Ceux d'entre eux qui ont la qualité d'agent contractuel de l'Etat sont
éligibles au dispositif de résorption de l'emploi précaire prévu au titre Ier
de la loi du 3 janvier 2001 dès lors qu'ils sont en situation de précarité,
c'est-à-dire recrutés pour une durée déterminée, et qu'ils assurent des
fonctions correspondant aux missions dévolues à des agents titulaires.
De la même façon, ceux de ces agents qui étaient en fonction antérieurement au
14 juin 1983 ont vocation à être titularisés en application des dispositions de
la loi du 11 janvier 1984, ce dont certains ont d'ailleurs d'ores et déjà pu
bénéficier.
Il en va autrement des recrutés locaux qui, comme je viens de le rappeler,
sont régis par le droit local. Le Gouvernement a engagé une réflexion
d'ensemble sur la situation des agents recrutés localement, conformément aux
engagements pris dans le cadre de la loi du 12 avril 2000 relative aux droits
des citoyens dans leurs relations avec les administrations.
Le rapport sur la situtation financière et sociale de ces personnels qui est
actuellement élaboré par le ministère des affaires étrangères sera
prochainement déposé sur le bureau des assemblées. Il faudra notamment
rechercher pour ces personnels, qu'ils travaillent pour Maison de la France ou
pour tout autre organisme administratif, une plus grande harmonisation des
conditions de rémunération et de protection sociale.

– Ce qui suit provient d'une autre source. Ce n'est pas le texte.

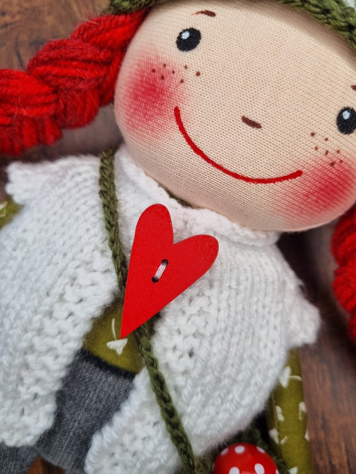❤️ Viel Augenmerk lege ich auf Details wie passende Knöpfe, Spitze, Borten, kleine Begleittierchen … und natürlich gibt es die Wichtel in jeder Hautfarbe!

S'agissant maintenant des conditions de recrutement et d'emploi des agents
contractuels de l'Etat de la direction du tourisme, qu'ils exercent ou non
leurs fonctions dans les services de Maison de la France, j'observe qu'ils sont
placés dans une situation identique à celle des autres agents contractuels de
l'Etat et relèvent des mêmes textes réglementaires, d'une part, lorsqu'ils
exercent sur le territoire français et, d'autre part, lorsqu'ils sont en
service à l'étranger.
Mon attention a d'ailleurs été particulièrement attirée sur certains aspects
liés à la rémunération des agents en service à l'étranger.
Cette dernière, vous le savez, découle des dispositions d'un décret du 28 mars
1967, modifié en 1993. Les agents en service à l'étranger perçoivent une
indemnité de résidence destinée à compenser les charges liées aux fonctions et
aux contraintes attachées à l'expatriation. Ceux qui ont été recrutés sur place
ne s'inscrivent pas, par définition, dans la catégorie des expatriés. C'est en
ce sens que le décret de 1993 a introduit une distinction. Toutefois, afin de
préserver la situation des personnels alors en place, une indemnité
différentielle a été instaurée pour compenser la réduction de l'indemnité de
résidence. Ce mécanisme protecteur est appelé, bien entendu, à se résorber
progressivement au rythme des évolutions de carrière et des mobilités.
De la même façon, comme mon collègue des affaires étrangères l'a fait savoir à
Mme la secrétaire d'Etat au tourisme, une réflexion est engagée en vue de
réviser le décret du 18 juin 1969 qui fixe le statut des agents contractuels de
l'Etat en service à l'étranger, et notamment leurs catégories de
rémunération.
Plus généralement, je tiens à rappeler que, en application du protocole
d'accord du 10 juillet dernier sur la résorption de l'emploi précaire et sur
une meilleure gestion de l'emploi public, des groupes de travail associant les
organisations syndicales ont été constitués pour procéder à un réexamen de la
situation des agents non titulaires, notamment de leurs conditions de
recrutement et d'emploi. J'attache une particulière attention, madame la
sénatrice, à ce que les réflexions engagées dans ce cadre débouchent sur des
décisions concrètes.
Mme Marie-Claude Beaudeau.
Je demande la parole.
M. le président.
La parole est à Mme Beaudeau.
Mme Marie-Claude Beaudeau.
Je vous remercie, monsieur le ministre, de toutes les précisions que vous
m'avez apportées.
Je me permettrai toutefois de vous faire remarquer que les négociations,
lorsqu'elles existent, sont engagées soit avec la direction du personnel du
siège, soit avec le directeur de l'agence à l'étranger. Or je persiste à penser
qu'une négociation générale s'impose pour que les principes de justice sociale
soient respectés sur divers points : adéquation entre les rémunérations
offertes et les responsabilités exercées ; revalorisation générale des salaires
avec inscription, en conséquence, des crédits au budget du GIE ;
non-application du décret de 1993, les personnels ne pouvant pas être assimilés
à des personnels d'ambassade puisqu'il n'y a pas de mobilité ; détermination
d'une indemnité spécifique tenant compte du coût de la vie dans le pays
d'accueil, la baisse du pouvoir d'achat de ces personnels étant criante dans
certains pays ou dans certaines villes comme Londres ou New York.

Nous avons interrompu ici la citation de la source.